[About this exercise]
Working from the entries that follow, transcribe exactly and only the lines from the one with "elements in gilt. |" through the last, pictures excluded.

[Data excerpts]
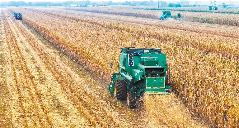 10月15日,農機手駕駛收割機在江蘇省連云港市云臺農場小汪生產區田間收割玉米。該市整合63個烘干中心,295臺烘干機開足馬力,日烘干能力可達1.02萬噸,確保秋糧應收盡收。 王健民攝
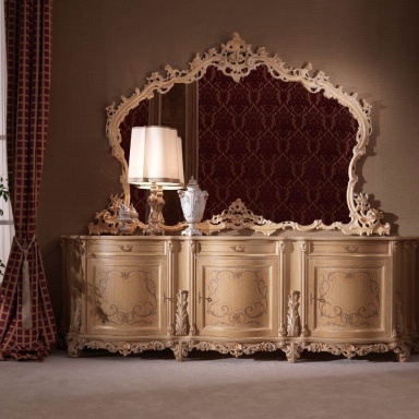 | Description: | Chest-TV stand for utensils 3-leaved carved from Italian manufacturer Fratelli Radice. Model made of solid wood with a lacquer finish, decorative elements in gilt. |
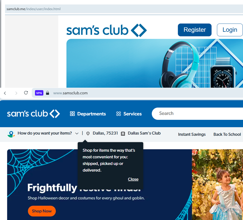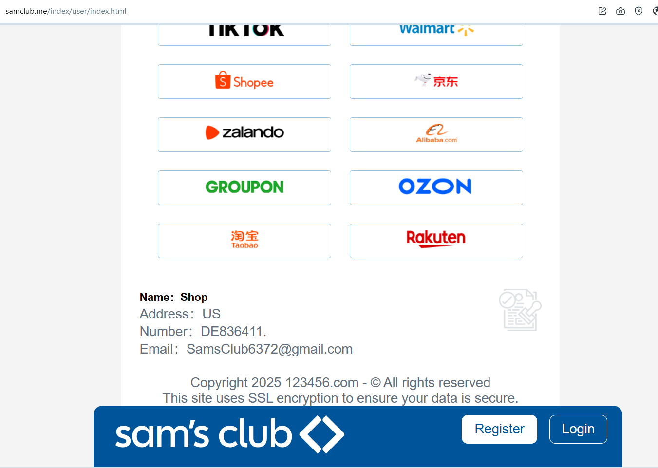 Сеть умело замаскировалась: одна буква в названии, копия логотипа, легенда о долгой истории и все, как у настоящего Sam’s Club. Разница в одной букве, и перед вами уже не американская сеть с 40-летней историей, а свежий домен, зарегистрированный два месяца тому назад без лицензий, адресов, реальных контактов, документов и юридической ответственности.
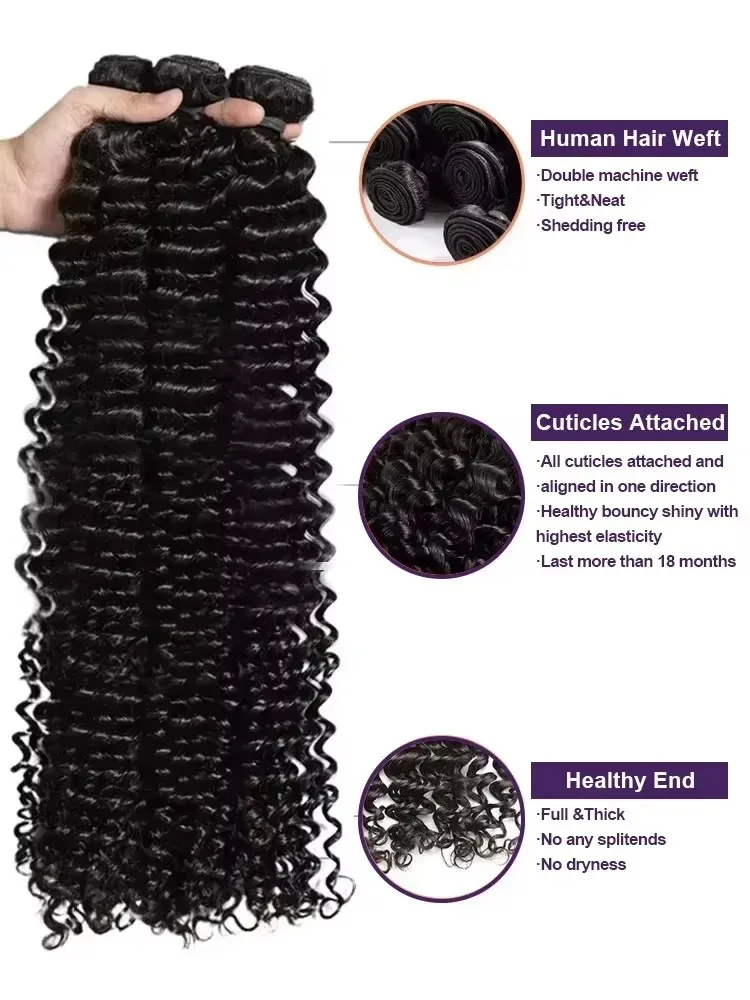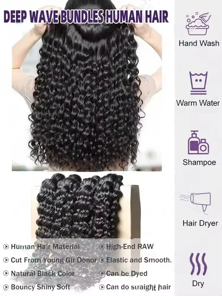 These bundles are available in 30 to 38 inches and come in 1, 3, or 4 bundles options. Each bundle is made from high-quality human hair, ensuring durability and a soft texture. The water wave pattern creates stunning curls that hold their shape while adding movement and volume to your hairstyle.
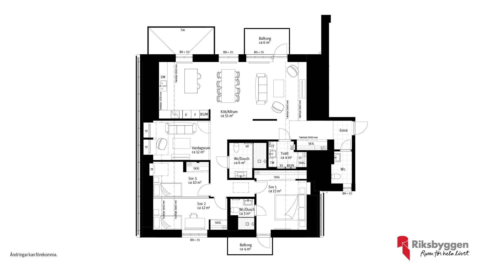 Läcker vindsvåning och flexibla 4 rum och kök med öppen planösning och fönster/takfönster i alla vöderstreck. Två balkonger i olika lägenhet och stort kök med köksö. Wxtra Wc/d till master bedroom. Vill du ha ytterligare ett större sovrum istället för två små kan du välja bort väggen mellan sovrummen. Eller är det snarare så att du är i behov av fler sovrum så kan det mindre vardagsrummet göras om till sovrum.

[Reply to the exercise]
 | Description: | Chest-TV stand for utensils 3-leaved carved from Italian manufacturer Fratelli Radice. Model made of solid wood with a lacquer finish, decorative elements in gilt. |
 Сеть умело замаскировалась: одна буква в названии, копия логотипа, легенда о долгой истории и все, как у настоящего Sam’s Club. Разница в одной букве, и перед вами уже не американская сеть с 40-летней историей, а свежий домен, зарегистрированный два месяца тому назад без лицензий, адресов, реальных контактов, документов и юридической ответственности.
 These bundles are available in 30 to 38 inches and come in 1, 3, or 4 bundles options. Each bundle is made from high-quality human hair, ensuring durability and a soft texture. The water wave pattern creates stunning curls that hold their shape while adding movement and volume to your hairstyle.
 Läcker vindsvåning och flexibla 4 rum och kök med öppen planösning och fönster/takfönster i alla vöderstreck. Två balkonger i olika lägenhet och stort kök med köksö. Wxtra Wc/d till master bedroom. Vill du ha ytterligare ett större sovrum istället för två små kan du välja bort väggen mellan sovrummen. Eller är det snarare så att du är i behov av fler sovrum så kan det mindre vardagsrummet göras om till sovrum.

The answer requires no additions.